Europe’s tiny robot lab Philae, hurtling through space on the back of a comet, awoke overnight and sent home its first message in nearly seven months, mission officials said Sunday.
Jubilant that the nail-biting wait was over, they declared Philae may soon resume science work, opening up a new chapter in its exhilarating voyage.
“Hello Earth! Can you hear me?” the washing machine-sized lander tweeted under the hashtag #WakeUpPhilae, breaking a silence that had lasted since November 15 when its batteries ran out.
“We got a two-minute… successful communication” at 2228 Central European Time (2028 GMT) on Saturday, mission manager Patrick Martin told AFP from the operations centre in Madrid.
“This was sufficient to confirm that Philae is healthy and that its sub-systems are OK in terms of energy and temperature for ongoing communication with Rosetta,” he said, referring to the lander’s mothership orbiting Comet 67P/Churyumov-Gerasimenko.

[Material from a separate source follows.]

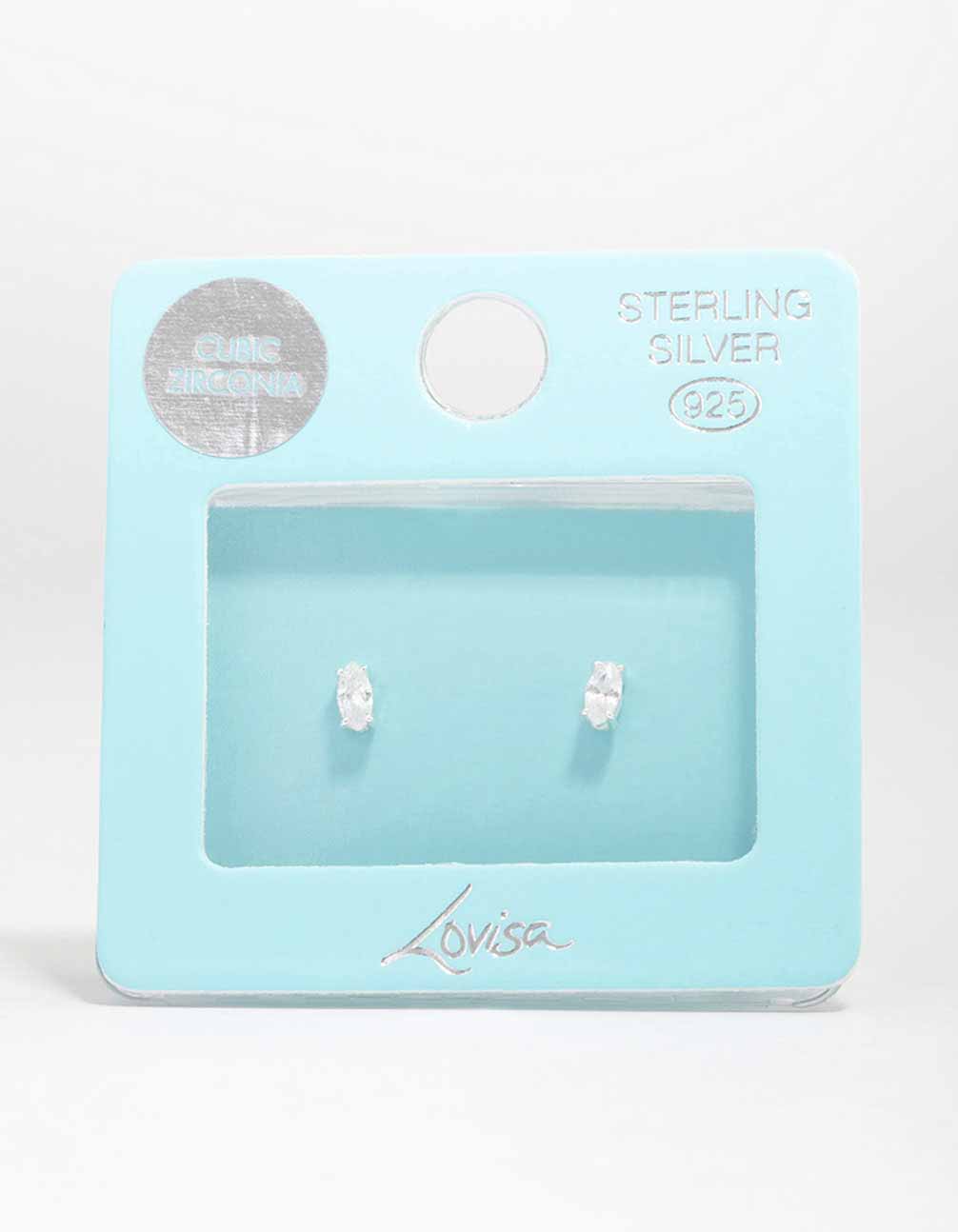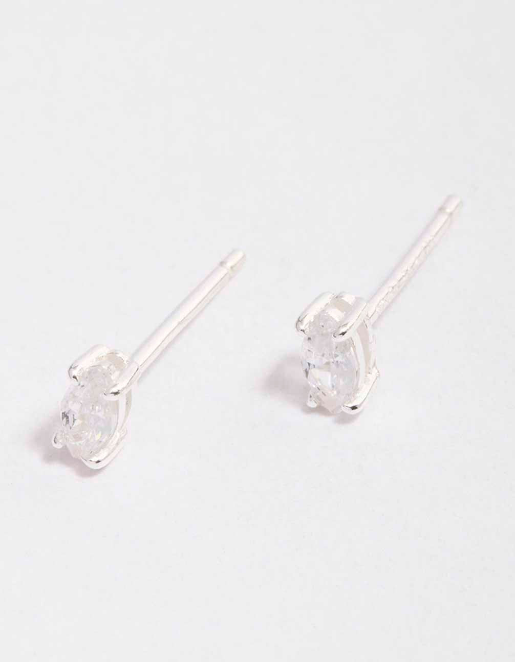 Sterling Silver Cubic Zirconia Marquise Stud Earrings

The mission seeks to unlock the long-held secrets of comets — primordial clusters of ice and dust that scientists believe may reveal how the Solar System was formed.
Philae, equipped with 10 instruments, may now get a grandstand view of the gas, dust and icy crystals that blast from the comet as it gets ever closer to the Sun, scientists hope.
Perihelion, the closest point to the Sun in the comet’s orbit, will be on August 13, after which “67P” will veer off again into the deeper reaches of space.
Philae touched down on the comet on November 12 after an epic 10-year trek piggybacking on Rosetta.
But instead of harpooning itself onto the iceball’s surface, the lander bounced several times before settling at an angle in a dark ditch.
It had enough stored battery power for about 60 hours of experiments, enabling it to send home reams of data before going into standby mode.
The hope was that better light as the comet approaches the Sun would recharge Philae’s batteries enough for it to reboot, then make contact, and ultimately carry out a new series of experiments.
But three bids to make contact, in March, April and May, all came to nothing.
“We were surprised, yes, because we didn’t expect it at all last night, on a weekend — it’s really exciting,” Martin said.
An ESA statement said Philae communicated with its ground team for 85 seconds, and preliminary analysis of the data showed it must also have been awake earlier but unable to make contact.
– ‘Still a bit tired’ –
According to Martin, the lander’s core temperature was about minus 36 degrees Celsius (-29 Fahrenheit) and its energy was at 24 watts — both higher than the minus 45 C and 19 watts required to operate.
“Philae is doing very well,” said Stephan Ulamec, Philae project manager with the German space agency DLR. “The lander is ready for operations.”
Martin was more cautious, saying: “We have already lined up more communication windows which hopefully will see a repeat of this successful communication.
“If we get a stable communications pattern we should be able within a week or so to think about operating the instruments on board the lander.”
A tweet in the name of Rosetta announced: “Incredible news! My lander Philae is awake!”, before prompting the robot to “take it easy for now” while checks are run to see that it is “fit, healthy and warm enough”.
This prompted a Twitter response from Philae: “Oh, OK… I’m still a bit tired anyway… talk to you later!”
The news was welcomed from far and wide, with NASA tweeting “Rise and shine!” while Britain’s usually staid Royal Observatory shouted: “YES!!!”
Monica Grady, a scientist working on one of Philae’s instruments, tweeted: “I’m in tears again… can it be true?”
ESA posted a cartoon version of Philae, stretching its arms and yawning as it wakes up next to its camping gear, with the Sun peeking out from behind a rocky cliff now only partly shading the little lander, and Rosetta hovering on the horizon.
The comet and its precious cargo are 215 million kilometres (134 million miles) from the Sun and 305 million km from Earth, racing at a speed of 31.24 km a second, according to ESA’s website.
Philae’s operators hope that the new data will allow them to pinpoint the lab’s exact location on the comet, which has so far been narrowed to an area of about 100-200 metres (328-656 feet).